Digital signal processing helps make modern cell phones possible.
Digital music, digital photos, digital videos: It's easy to forget that we live in a fundamentally analog world. Computers can cope with all that we see and hear only through the application of highly complex mathematics, a field known as digital signal processing (DSP).

Wherever you find digital media, DSP is at work, facilitated by a whole subcategory of specialized chips and circuits. DSP algorithms correct for errors while your optical drive reads the music off a CD. They're at work again as you compress the audio into an MP3 file, and again when you play it back through your surround-sound speakers.

DSP is to digital media as gears and springs are to a pocket watch. It works its magic below the surface: invisible, yet totally essential. It's safe to say that without it, virtually none of the digital technologies that we take for granted today--from DVDs to mobile phones, ink jet printers to DSL broadband--would be possible.

Managed Code

Microsoft's .NET is a managed code environment.
Programming is a lot more complicated than it used to be. Modern operating systems are like onions, with layers upon layers of subsystems to interconnect and manage. Worse, bugs and unnoticed security flaws, even ones that may have once seemed trivial, can be serious threats in the Net-connected era.

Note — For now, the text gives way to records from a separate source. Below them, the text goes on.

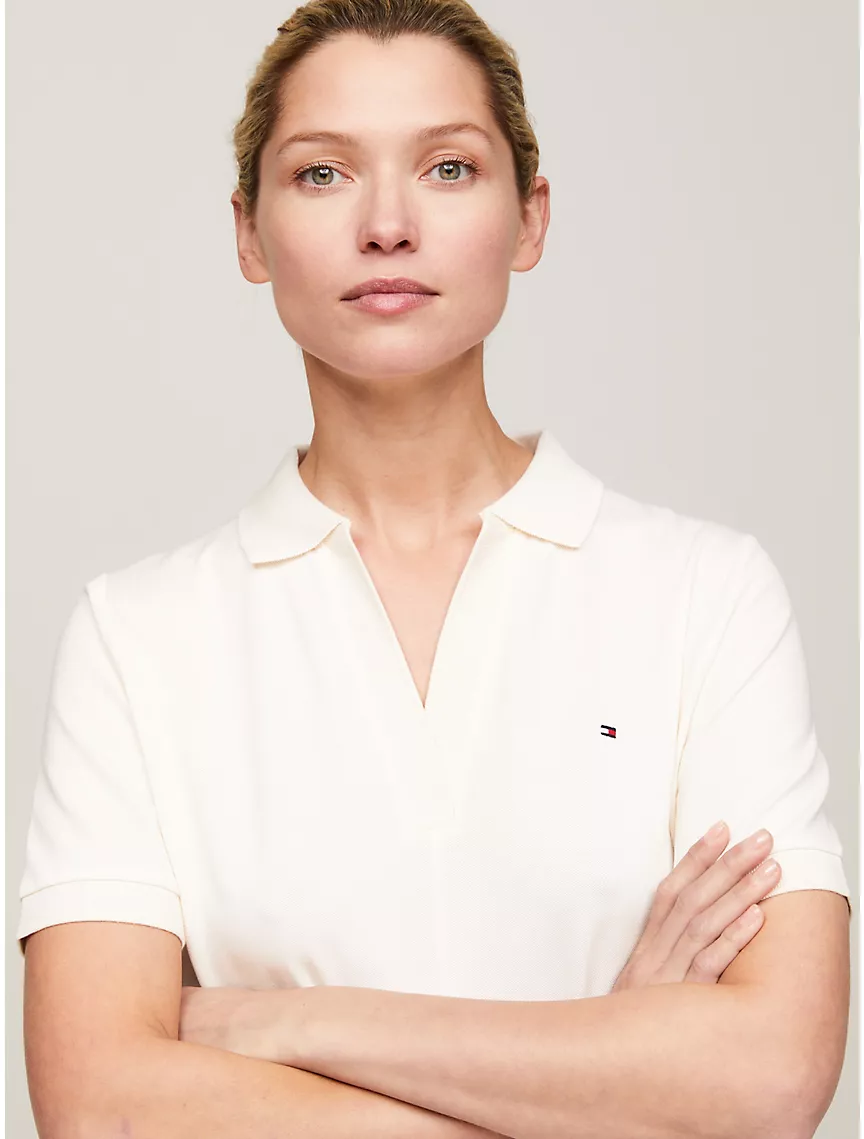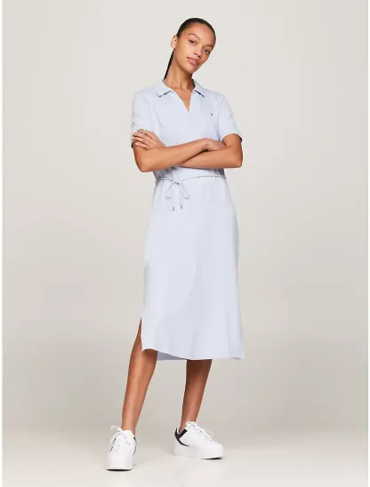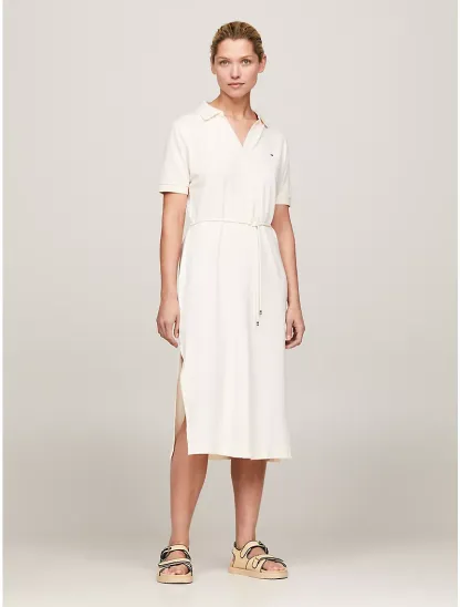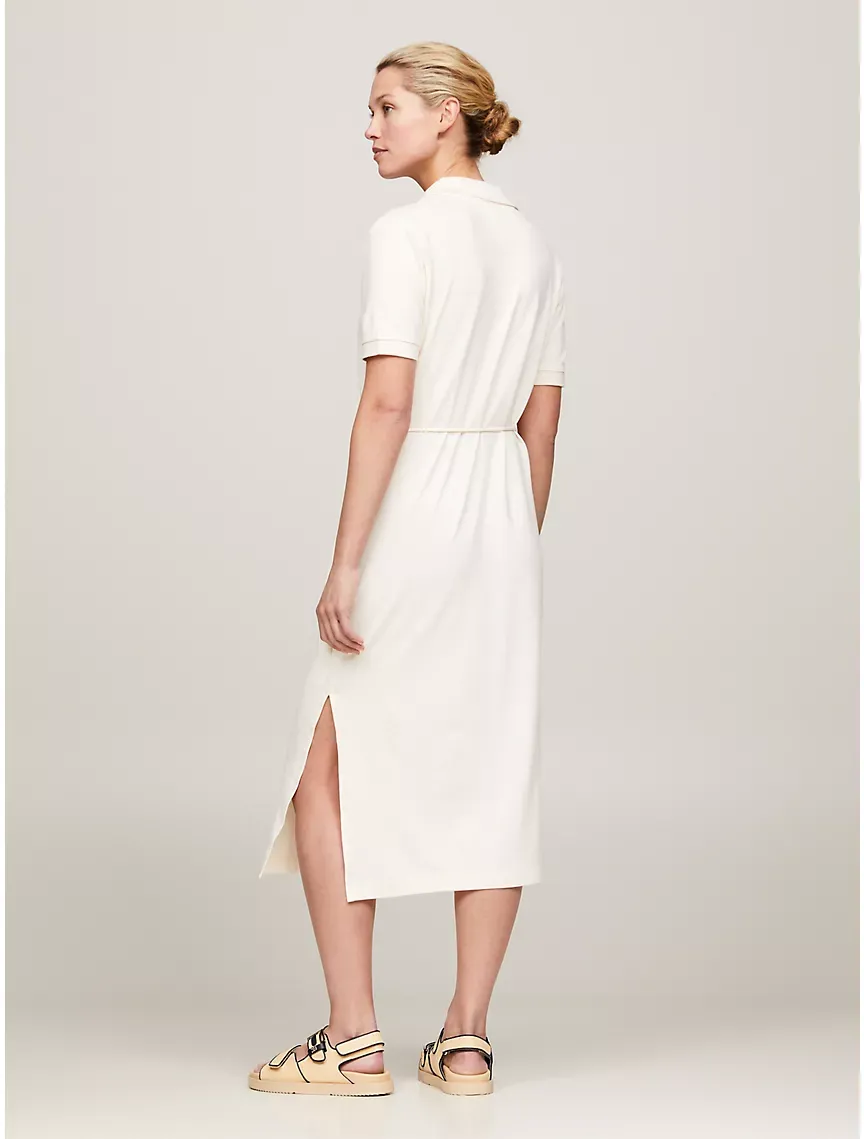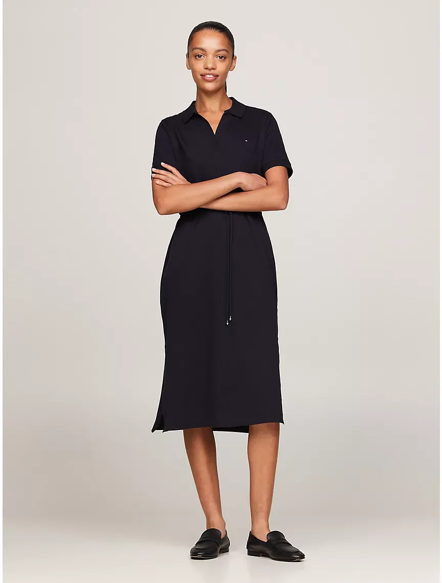 Open Placket Midi Polo Dress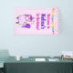 A birthday banner with a whimsical drawing of a cool and funky pink cubby unicorn which has a purple mane and tale. This cute creature is wearing heart-shaped sunglasses and is decorated with little stars. Pink watercolor background.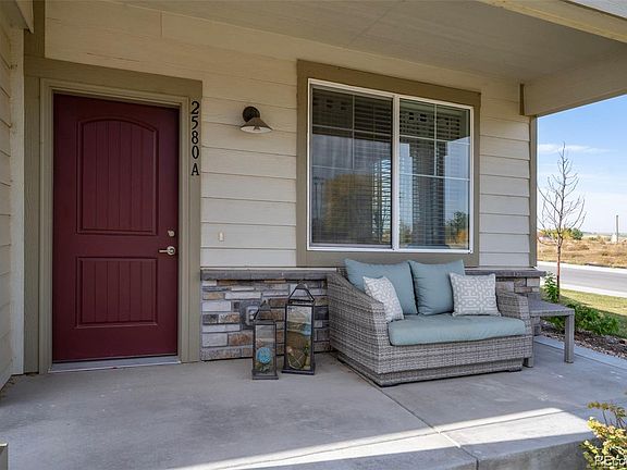 Welcome to 2580 Brookstone Drive, Unit A, a charming Ranch-style end-unit townhome located in the heart of Milliken, CO. This elegant residence boasts 2 spacious bedrooms and 2 well-appointed bathrooms, spread across an expansive light-filled living space. Originally a model home, it features a welcoming front porch and offers the ease of low-maintenance living.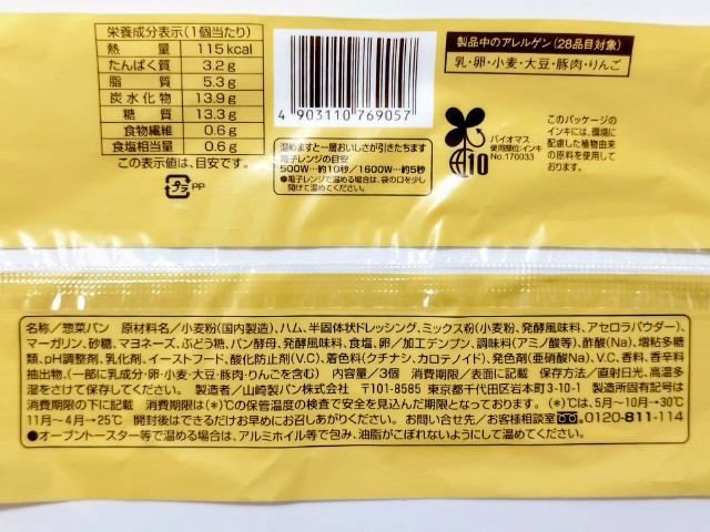 ハムとマヨ風味ドレッシングを巻き込み、上からマヨネーズをトッピングして焼きあげた惣菜パン3個入りです。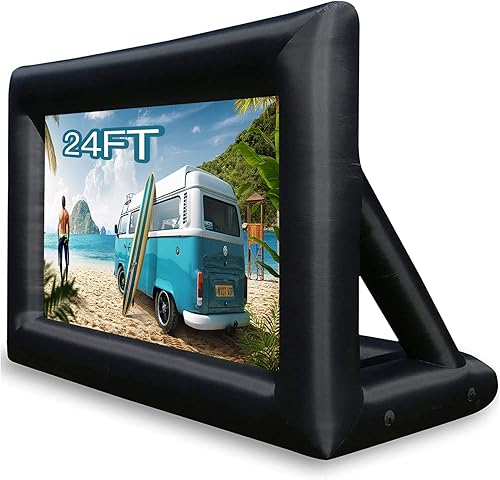 BIXUYOU Schermo per proiettore Portatile HD 16:9, proiezione Frontale e Posteriore Senza interruzioni, Schermo Gonfiabile per Interni ed Esterni, con soffiatore d'Aria e Cinghie di Tensione.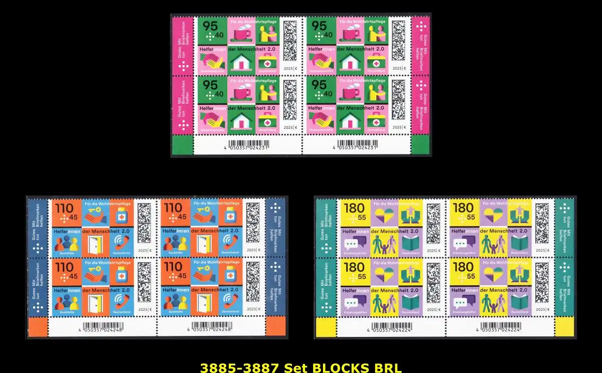 BUND 2025 Michel-# 3885-3887 postfrisch SATZ(3) BLOCKS ECKRÄNDER unten rechts/links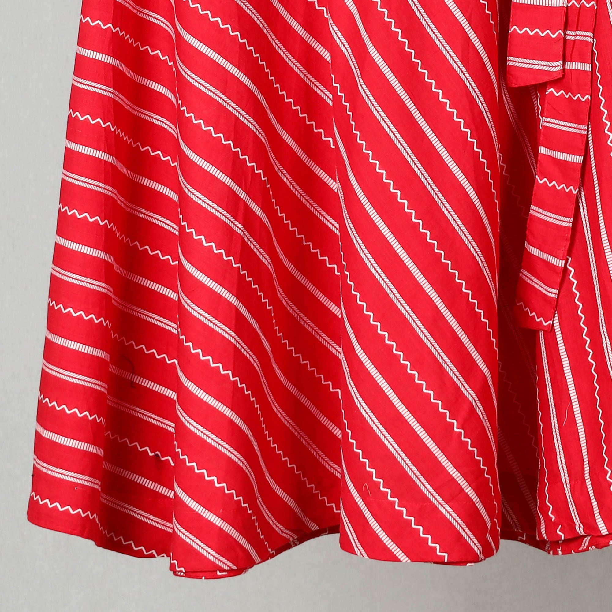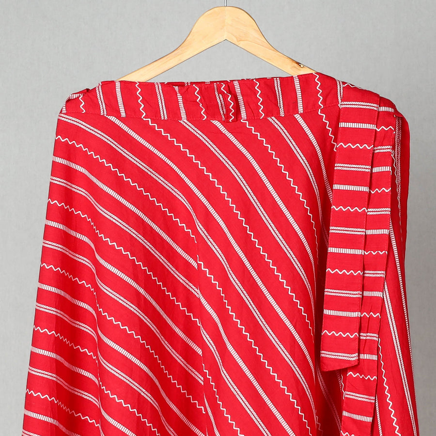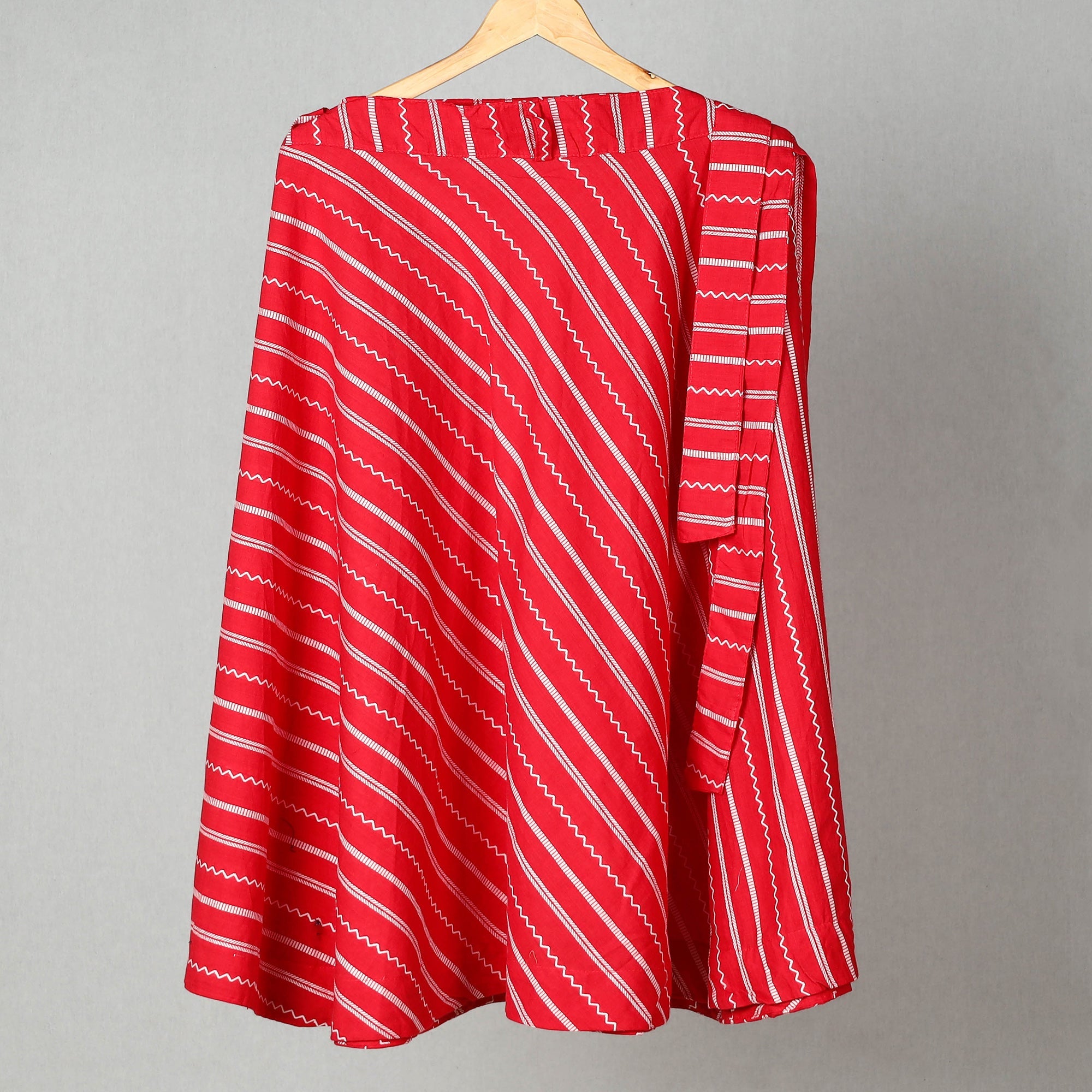 Elevate your style with this red jacquard wrap-around skirt. Featuring a waist tie-up closure, this skirt is stylish to wear. Made from cotton, this skirt showcases the rich texture of jacquard fabric is designed for comfort and style. Ideal for casual or festive wear.
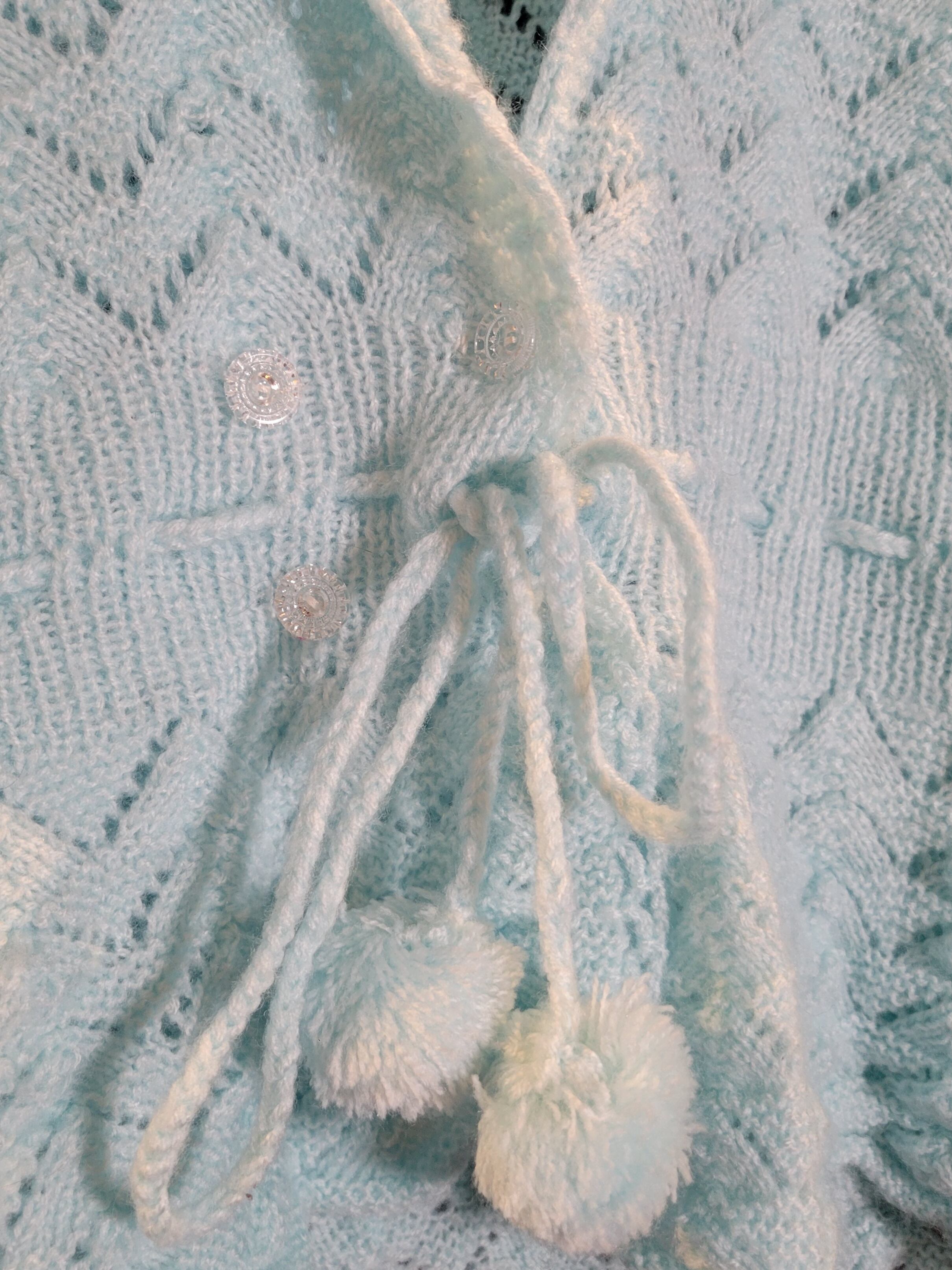 キラキラとしたまるでガラスのようなボタンや、ウエスト調節が可能な紐の先にはポンポン。ディティールもとっても可愛らしい一着です。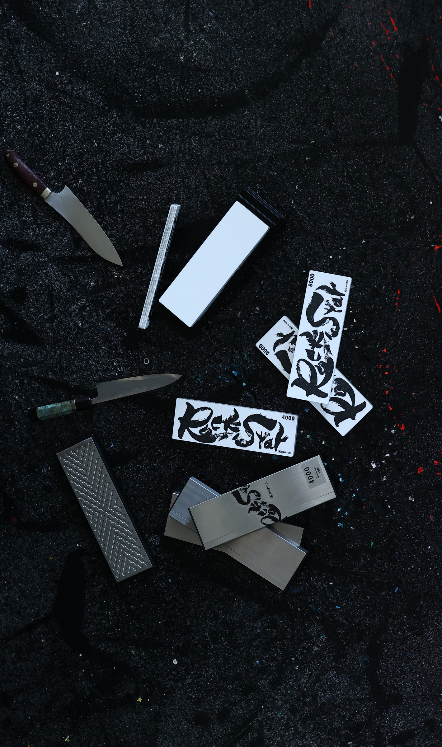 RockStarシリーズは、厚み10mmの無垢の砥石でスタンダードモデル(ケース無し)とステンレス製収納ケース付きモデルがございます。

For a growing number of developers, the solution is to use platforms designed to relieve some of the burden. Programs written for such managed-code environments as Java and Microsoft's .NET don't run on the bare hardware the way traditional programs do. Instead, a virtual machine acts as an intermediary between the software and the system. It's like a robot nanny for computer programs, silently taking care of memory management and other housekeeping drudgery while keeping an eye out for potential security violations before they happen.

To an end user, a managed-code program may seem no different than a traditional one, but software that runs in a virtual machine makes for a more reliable, stable, and secure computing experience. And with .NET rapidly becoming the preferred platform for Windows development, managed code may soon be the norm, rather than the exception.